But it was not the highest value investment reported in this period. According to Cushman & Wakefield the top price tag was for the Vertigo building in Cloche d’Or by Allianz from Rynda for a mere €178m. Other purchases include the Da Vinci building at the airport by M&G Real Estate from Union Investment (€71m), Impulse at the station by Swiss Life from Besix (€70m) and Centre Descartes in Merl/Belair, purchased by Blue Colibri from AG Real Estate (€39m).

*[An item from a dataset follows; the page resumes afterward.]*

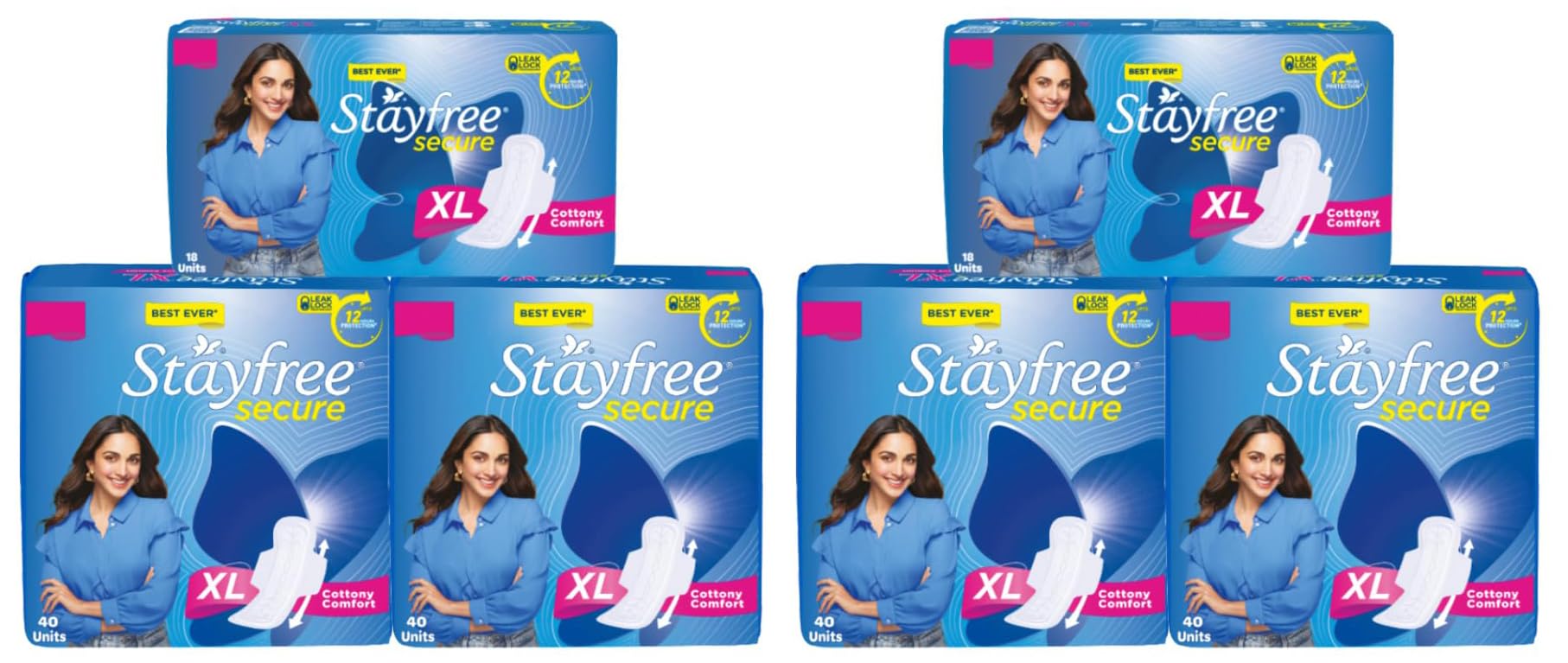 Stayfree Secure Soft XL Sanitary Pads for Women(98 Napkins) Combo Offer Pack-Buy 80pads Get 18Pads Free. (Pack of 2)

During the third quarter, more than €500m was invested in commercial real estate in Luxembourg, mostly in the office sector (€478m). The report found that occupation activity was down compared to the start of the year (32,000 m2 compared to 12,000), however, the report author expected total take-up for 2017 to exceed 2016’s levels.

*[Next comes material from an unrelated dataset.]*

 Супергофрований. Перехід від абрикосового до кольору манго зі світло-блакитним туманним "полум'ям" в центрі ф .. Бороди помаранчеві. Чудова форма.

The 4% overall vacancy rate, meanwhile, was among the lowest in Europe and the report author said they expected to “witness no changes in the coming months as the speculative pipeline is limited.”

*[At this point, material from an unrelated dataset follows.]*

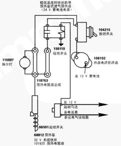 圖 14. 預(yù)熱塞式預(yù)熱器接線圖 - 24 V 系統(tǒng)。

The report further said: “This growing competition results in a new increase in the prime rental levels to reach €50/m2/month in the CBD (centre), its highest level ever and further slight uptick are still expected for 2019.”
The high rental rates in the centre were driven by a low vacancy rate, which fell to 1% in that area.
Prime rents were considerably lower in the station district (€36/m2/month) where the vacancy rate was 4.3%, and Kirchberg (€35/m2/month) where the rate was 1.8%.
The report forecast activity in the investment market to remain intense with significant transactions in the pipeline.